The Girls Of Penthouse Presents Lingerie Days 3... May 2026

Released at the peak of the “video seduction” era, Lingerie Days 3 wasn’t really about plot. Let’s be honest—no one was renting this from the back room of a video store for the dialogue. It was about mood, texture, and the art of the reveal. Directed with a music-video sheen by the late Nicholas "Nick" Orleans, the film is less a movie and more a 72-minute fever dream of satin, lace, and soft-focus lighting.

In the sprawling, sun-drenched landscape of late-1990s and early-2000s direct-to-video softcore, few titles carried the weight of brand recognition quite like Penthouse . While Playboy focused on the “girl next door” with a literary veneer, Penthouse leaned into a bolder, glossier, and more cinematic fantasy. And at the heart of that VHS renaissance was the series The Girls of Penthouse Presents... The Girls Of Penthouse Presents Lingerie Days 3...

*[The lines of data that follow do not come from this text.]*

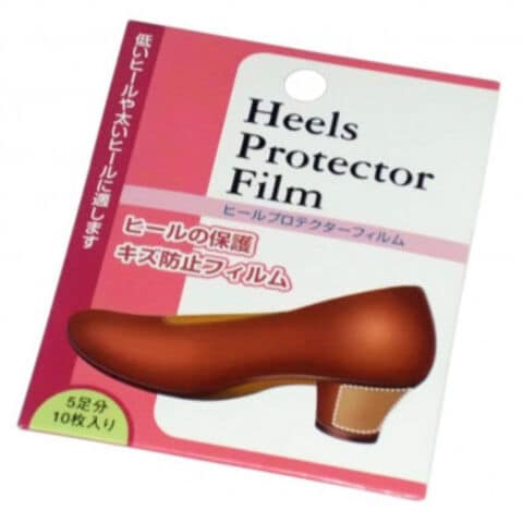 | パンプスやサンダル等のヒール部分に貼り付けることによりキズや汚れから守るフィルムです。 |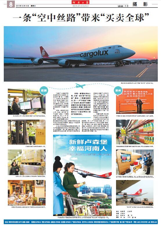 在8次報(bào)道中,既有會(huì)前的“熱身”宣傳,又有會(huì)中的集中點(diǎn)擊,還有會(huì)后的回顧追蹤,形成系列,精彩紛呈。13日,《河南日?qǐng)?bào)》以圖文并茂的整版篇幅,對(duì)河南航投與盧貨航的合作,尤其是“新鮮盧森堡”雙向跨境E貿(mào)易進(jìn)行了詳細(xì)報(bào)道。整個(gè)報(bào)道以新聞攝影為主,既有盧貨航“鄭州號(hào)”波音747-8F全貨機(jī),也有鄭-盧航線的專業(yè)操作流程展示,還有河南百姓采購(gòu)“新鮮盧森堡”商品的真實(shí)場(chǎng)景……以鄭盧“雙樞紐”為典型案例,圍繞“一條‘空中絲路’帶來(lái)‘買賣全球’”這一主題,生動(dòng)展現(xiàn)了河南省依靠藍(lán)天對(duì)外開放的新思路和新成就。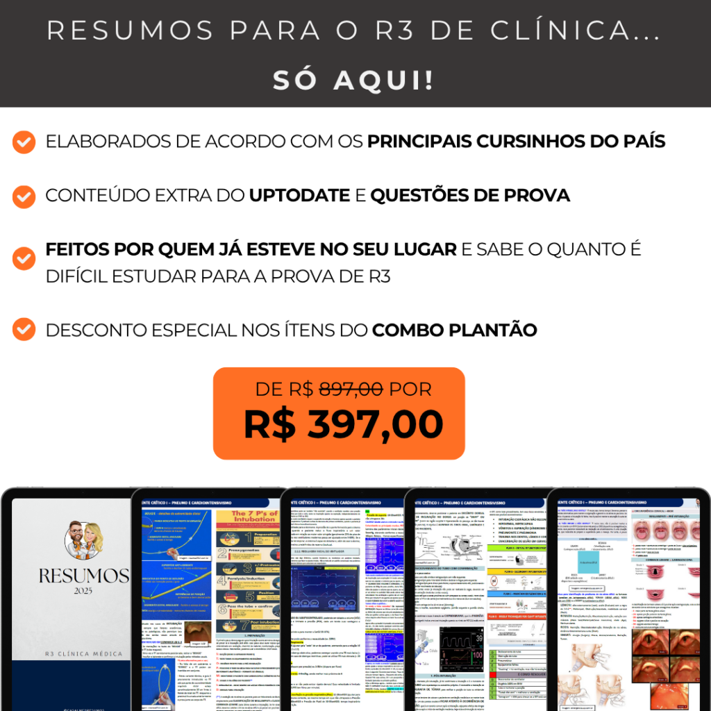Os melhores resumos do mercado, feitos por quem conseguiu a aprovação nas residências mais concorridas do país: UNIFESP, UNICAMP, SANTA CASA (SP) e HOSPITAL SANTA MARCELINA.

While critics at the time dismissed it as “glorified wallpaper,” The Girls of Penthouse Presents Lingerie Days 3 has found a second life on boutique Blu-ray and niche streaming services like Full Moon's “Sinema” channel. It’s often double-featured with early Zalman King films like Red Shoe Diaries . Released at the peak of the “video seduction”

For the uninitiated, Lingerie Days 3 follows a loosely threaded narrative involving a high-end boutique, a mysterious shipment of French lingerie, and a series of "interviews" conducted by a deadpan narrator (voiced by a B-movie actor clearly reading from a cue card). The "girls" of the title—a rotating cast of Penthouse Pets from 1998 to 2001—aren't asked to act so much as inhabit a space. Directed with a music-video sheen by the late

We see models like (Penthouse Pet of the Year runner-up, 2000) and Tasha Reign (in one of her earliest credited roles) as they pose, stretch, and recline on white leather couches, silk sheets, and—memorably—a bearskin rug in front of a roaring fake fireplace.

For fans of retro erotica and vintage fashion, Lingerie Days 3 is a forgotten gem. For everyone else? It’s a reminder that sometimes, what you don’t see is far more powerful than what you do. Have a memory of this title or the Penthouse video era? Share your nostalgia in the comments (keep it classy).